=== Section Start ===

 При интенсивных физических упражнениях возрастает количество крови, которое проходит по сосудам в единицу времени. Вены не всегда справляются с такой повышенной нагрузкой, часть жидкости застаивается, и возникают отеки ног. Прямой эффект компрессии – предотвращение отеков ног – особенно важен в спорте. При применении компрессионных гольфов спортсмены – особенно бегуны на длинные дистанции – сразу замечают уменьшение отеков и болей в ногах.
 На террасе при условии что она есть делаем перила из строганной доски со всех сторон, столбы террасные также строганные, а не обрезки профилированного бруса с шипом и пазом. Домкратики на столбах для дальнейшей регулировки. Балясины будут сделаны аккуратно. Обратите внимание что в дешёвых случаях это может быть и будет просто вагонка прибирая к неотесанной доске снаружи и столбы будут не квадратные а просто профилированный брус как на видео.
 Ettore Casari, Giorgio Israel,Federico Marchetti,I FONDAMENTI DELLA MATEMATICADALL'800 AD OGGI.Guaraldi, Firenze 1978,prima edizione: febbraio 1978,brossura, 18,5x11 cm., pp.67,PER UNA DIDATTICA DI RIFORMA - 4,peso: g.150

=== Section End ===
=== Section Start ===

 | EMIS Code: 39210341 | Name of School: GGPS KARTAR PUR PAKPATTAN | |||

=== Section End ===

■ **Problem statement**: Please reproduce, exactly as they appear above, the lines from the line containing "При интенсивных физических" up to and including the line containing "Ettore Casari, Giorgio".

■ **Task output**:
 При интенсивных физических упражнениях возрастает количество крови, которое проходит по сосудам в единицу времени. Вены не всегда справляются с такой повышенной нагрузкой, часть жидкости застаивается, и возникают отеки ног. Прямой эффект компрессии – предотвращение отеков ног – особенно важен в спорте. При применении компрессионных гольфов спортсмены – особенно бегуны на длинные дистанции – сразу замечают уменьшение отеков и болей в ногах.
 На террасе при условии что она есть делаем перила из строганной доски со всех сторон, столбы террасные также строганные, а не обрезки профилированного бруса с шипом и пазом. Домкратики на столбах для дальнейшей регулировки. Балясины будут сделаны аккуратно. Обратите внимание что в дешёвых случаях это может быть и будет просто вагонка прибирая к неотесанной доске снаружи и столбы будут не квадратные а просто профилированный брус как на видео.
 Ettore Casari, Giorgio Israel,Federico Marchetti,I FONDAMENTI DELLA MATEMATICADALL'800 AD OGGI.Guaraldi, Firenze 1978,prima edizione: febbraio 1978,brossura, 18,5x11 cm., pp.67,PER UNA DIDATTICA DI RIFORMA - 4,peso: g.150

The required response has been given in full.